Sport hat mich immer ausgeglichen, doch seit dem Marathon in London, macht mir
das linke Knie einen Strich durch die Rechnung. Also entschloss ich mich dazu; ein Rennrad zu kaufen. Ein wunderbares, schönes Bike, welches sehr rasch zu
einem neuen aber festen Bestandteil meiner Freizeit wurde. Die erste sportliche
Betätigung zu der ich meinen Körper aufbringen konnte. Ich fühlte mich gut. Schon
seit langem konnte ich meinen Körper nicht mehr so spühren. Da waren sie doch,
die Muskel, welche ich bereits vergessen habe, dass sie existieren. Ein kleiner
Erfolg den ich genoss und mir bestätigte, dass ich langsam wieder zu Kräften
gekommen bin. Diese sportliche Leistung galt es dann weiter auszubauen. So fing
ich an Strecken rauszusuchen, immer anspruchsvollere und weitere Distanzen. Bis
zu sieben Stunden war ich manchmal auf dem Rad, quer durch das ganze Baselbiet.
Ich fuhr über jenste Pässe. Das Gefühl oben angekommen zu sein und danach mit
ca 60km/h den Berg runter zu radeln, war einfach eine unschlagbare Sensation.
Diese Freiheit nach zu empfinden, kann ich Jedem nur empfehlen.
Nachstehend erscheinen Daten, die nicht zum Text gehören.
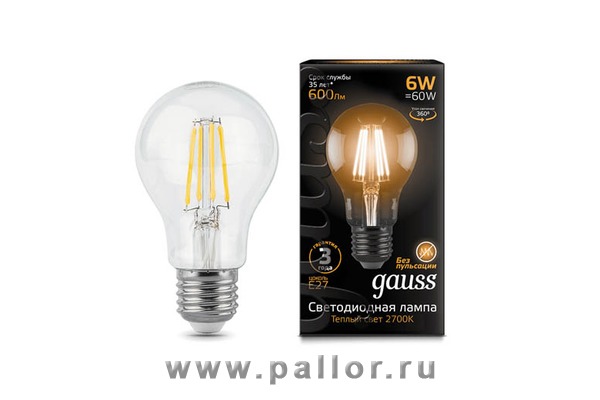 Описание Лампа Gauss LED Filament A60 E27 6W 600lm 2700К 1/10/40
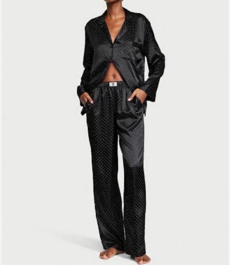 Puantiyeli, uzun kollu,, kadın pijama takımı, şık ve rahat yurt dısından gelmiştir bedeni olmadıgı için kullanılmamştır.
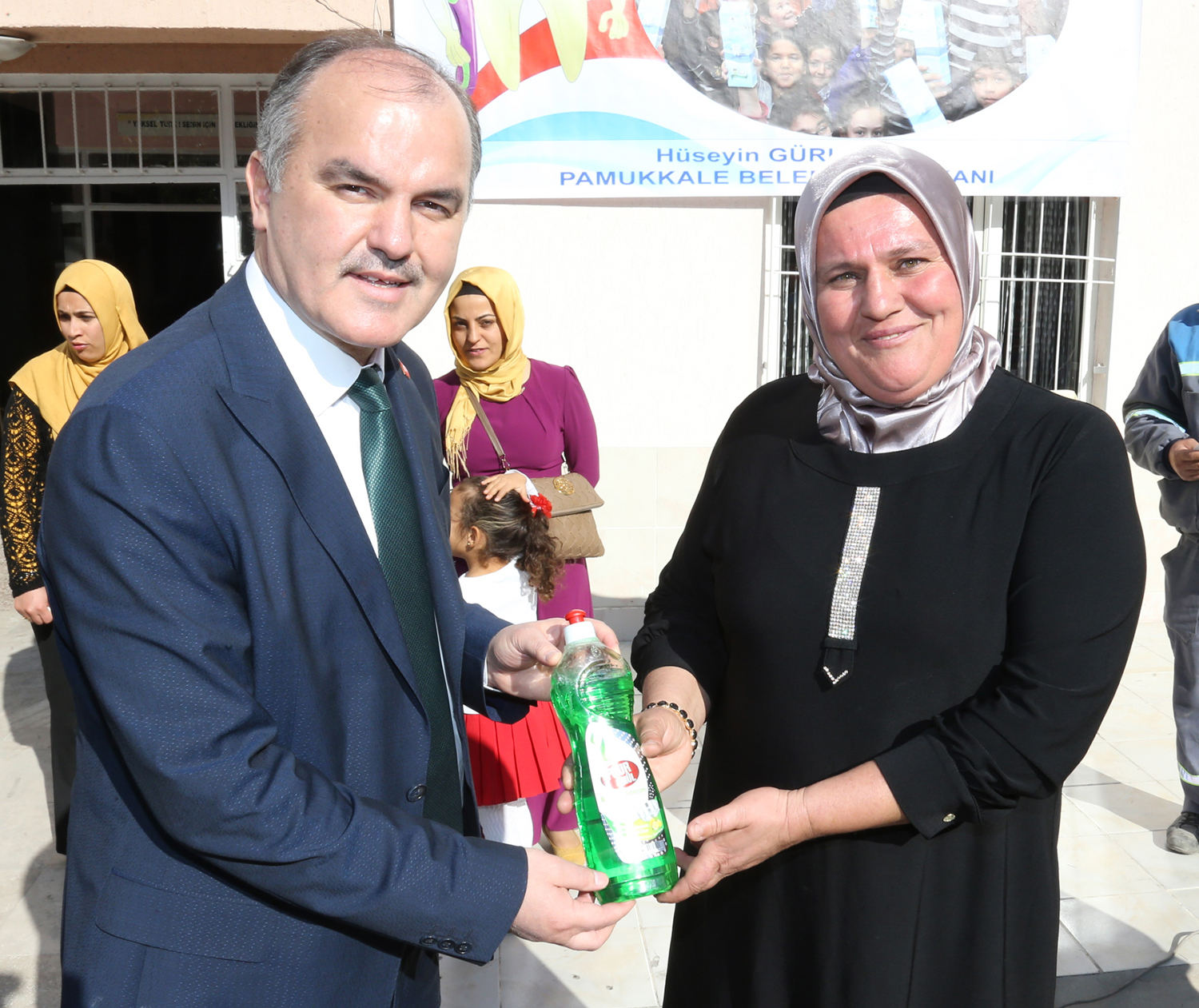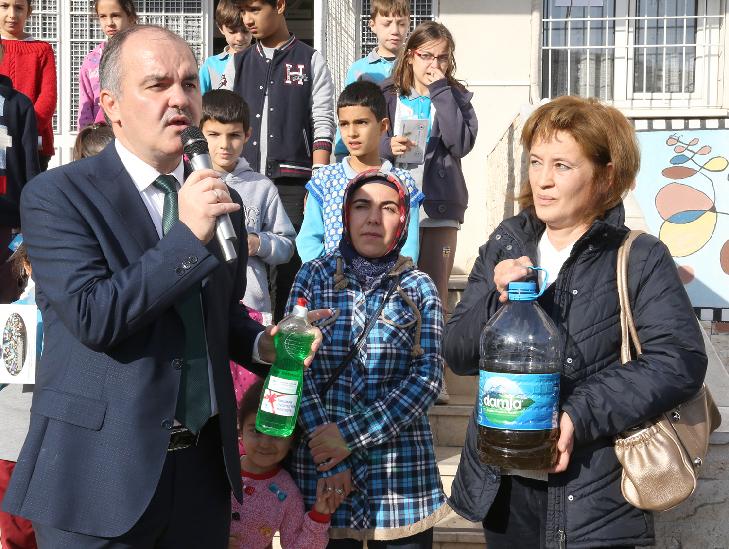 Okulları ziyaret ettiğine Pamukkale Belediye Başkanı Hüseyin Gürlesin, kampanya dahilinde atık yağ toplayan kişiler hediyeler veriyor. Son olarak bir dizi etkinlik için Vakıfbank İlkokulu ve Pınarkent İlkokulu’na giden Başkan Gürlesin, burada atık yağ toplayan kişilere deterjan hediye etti. 1 litrelik bitkisel atık yağın 1 milyon litre suyu kirlettiğini hatırlatan Pamukkale Belediye Başkanı Hüseyin Gürlesin, “Pamukkale Belediyesi olarak çevreye ve doğaya duyarlıyız. Bu bilinçle çevreyi ve doğayı korumak için bir çok projeye imza atıyoruz. Atık yağ toplama projesi de bunlardan biri. Bitkisel atık yağların lavaboya dökülmesi sonucu çevre kirleniyor. Lavaboya dökülen yağlar, kanalizasyon sisteminde tıkamalar dahil bir çok konuda ciddi zararlar veriyor. Sadece Şubat ayından bu yana devam eden atık yağ toplama projemiz sayesinde 6 miyar 100 milyon litre suyun kirlenmesini 6 bin 100 litre atık yağ toplayarak sağladık. Daha çok atık yağ toplayarak suların kirlenmesini önlemiş oluruz. Okullarımız başta olmak üzere mahalle muhtarlıklarımız, restoranlar, yemek firmaları ve otellere atık yağ toplama bidonları koyduk. Bu proje sayesinde Pamukkale Belediyesi çevrenin kirlenmesini de önlemiş oluyor. Vatandaşlarımızın bu konuda duyarlı olmasını rica ediyoruz” dedi. Başkan Gürlesin, öğrencilerin bu konuda bilinçlendirilmesi gerektiğini ifade ederek, “Öğrenciler anne babalarına bu konuyu anlatsınlar. Toplanan atık yağların karşılığında deterjan hediye ediyoruz. Bu küçük gibi görünse de teşvik edici olsun diye yapılan bir uygulama” diye konuştu.

Weiter meldete ich mich bei einer
Immobilienverkaufsschulung an. Ich lernte viele neue Leute kennen, eine
durchaus witzige Bande, die mich immer unterhält aber auch entsprechend
fordert. Vieles hat sich dadurch positiv
verändert. Vom Kleiderstyle bis zum wachsenden Selbstwert, der durch gesunde
Anerkennung ausgezeichnet wird. Der Erfolg motiviert mich und die Flexibilität,
lässt dem Leben mehr Freiraum. Ich mag diese Arbeit und wollte sie nachdem ich
meinen ehemaligen Traumberuf als Journalistin aufgegenen hatte, schon immer
verrichten. Man braucht Mut, um auf die unterschiedlichsten Menschen zu zu
gehen. Hinter jedem Verkauf steckt eine andere, spannende Geschichte und das
wachsende Netzwerk öffnet einem immer wieder neue Horizonte. So habe ich eines
Tages auch ein Shooting zugesprochen bekommen, welches mir eine wunderbare
Wohnung offenbart hat. Direkt am Wasser, ich liebe das Wasser... Ein unter Denkmalschutz stehendes
Bauernhaus, welches bis auf die Grundmauern herunter gerissen und neu erbaut
wurde. Keine Wand scheint darin gerade zu stehen, keine Ecke, die einen Winkel
von 45 Grad aufbringen mag. Grosse, offene Räume, in denen alte Balken wieder
eingearbeitet wurden. Sie war einfach wie geschaffen für uns! Ein kleiner Teil
des Schlossgartens, der zur Nutzung einlädt.… In einem kleineren Dorf das seine
Geschichte in der Architektur festhält und von Menschen bewohnt wird, die für
einander einstehen und sich respektieren. Ich entschied mich kurzer Hand, das Mandat
abzusagen und die Gelegenheit beim Schopf zu packen. Wir zogen 3 Monate später
ein und fühlen uns sehr wohl. Hier konnten wir unser Leben neu nach unseren Bedürfnissen gestalten. Dieser Schritt
nach einer räumlichen Veränderung war überreif für mich und meine ersehnte
Unabhängigkeit!
Da ist er wieder, der Link des vorgeschrieben Lebens. Es kommt eben doch immer so wie es sein soll und das ist offensichtlich nicht nur schlecht!
Da ist er wieder, der Link des vorgeschrieben Lebens. Es kommt eben doch immer so wie es sein soll und das ist offensichtlich nicht nur schlecht!